### Work task
The reply to the records below should contain exactly the lines from the line with "近8场英超联赛中,热刺仅在对" through the line with "9月20日上午开班议式由湖北", and nothing besides.

### Material provided
>>>>

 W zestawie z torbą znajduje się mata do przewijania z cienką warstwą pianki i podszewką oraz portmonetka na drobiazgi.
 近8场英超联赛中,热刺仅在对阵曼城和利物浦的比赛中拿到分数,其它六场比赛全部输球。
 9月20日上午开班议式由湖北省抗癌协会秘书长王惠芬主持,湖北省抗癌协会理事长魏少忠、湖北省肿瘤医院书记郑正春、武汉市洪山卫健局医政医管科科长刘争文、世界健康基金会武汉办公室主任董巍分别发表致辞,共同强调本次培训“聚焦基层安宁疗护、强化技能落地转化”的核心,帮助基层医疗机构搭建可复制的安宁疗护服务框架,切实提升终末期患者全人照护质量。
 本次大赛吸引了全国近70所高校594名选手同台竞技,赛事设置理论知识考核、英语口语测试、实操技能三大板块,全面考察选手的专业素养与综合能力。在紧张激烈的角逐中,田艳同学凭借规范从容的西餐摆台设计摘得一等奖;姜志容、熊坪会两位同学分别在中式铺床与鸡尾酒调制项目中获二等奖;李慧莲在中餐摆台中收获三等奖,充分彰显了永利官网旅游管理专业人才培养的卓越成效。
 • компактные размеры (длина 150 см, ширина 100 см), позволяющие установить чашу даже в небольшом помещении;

<<<<
>>>>

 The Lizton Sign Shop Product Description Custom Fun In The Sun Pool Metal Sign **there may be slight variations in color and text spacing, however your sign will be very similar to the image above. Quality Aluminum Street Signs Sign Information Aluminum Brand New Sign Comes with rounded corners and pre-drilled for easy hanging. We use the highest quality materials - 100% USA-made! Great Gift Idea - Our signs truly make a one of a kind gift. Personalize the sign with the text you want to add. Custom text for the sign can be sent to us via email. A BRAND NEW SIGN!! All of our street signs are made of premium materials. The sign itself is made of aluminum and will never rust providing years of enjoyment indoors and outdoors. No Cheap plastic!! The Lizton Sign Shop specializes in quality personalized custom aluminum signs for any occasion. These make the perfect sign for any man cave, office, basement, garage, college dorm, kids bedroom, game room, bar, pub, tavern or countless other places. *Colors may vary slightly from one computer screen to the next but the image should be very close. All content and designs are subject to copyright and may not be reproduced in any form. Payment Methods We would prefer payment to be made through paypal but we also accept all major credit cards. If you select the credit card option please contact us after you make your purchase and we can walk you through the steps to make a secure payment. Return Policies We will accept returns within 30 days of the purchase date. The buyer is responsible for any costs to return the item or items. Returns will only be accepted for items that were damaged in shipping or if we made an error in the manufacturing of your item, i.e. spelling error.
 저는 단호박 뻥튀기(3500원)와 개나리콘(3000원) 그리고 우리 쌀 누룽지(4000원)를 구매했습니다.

<<<<

### Written solution
 近8场英超联赛中,热刺仅在对阵曼城和利物浦的比赛中拿到分数,其它六场比赛全部输球。
 9月20日上午开班议式由湖北省抗癌协会秘书长王惠芬主持,湖北省抗癌协会理事长魏少忠、湖北省肿瘤医院书记郑正春、武汉市洪山卫健局医政医管科科长刘争文、世界健康基金会武汉办公室主任董巍分别发表致辞,共同强调本次培训“聚焦基层安宁疗护、强化技能落地转化”的核心,帮助基层医疗机构搭建可复制的安宁疗护服务框架,切实提升终末期患者全人照护质量。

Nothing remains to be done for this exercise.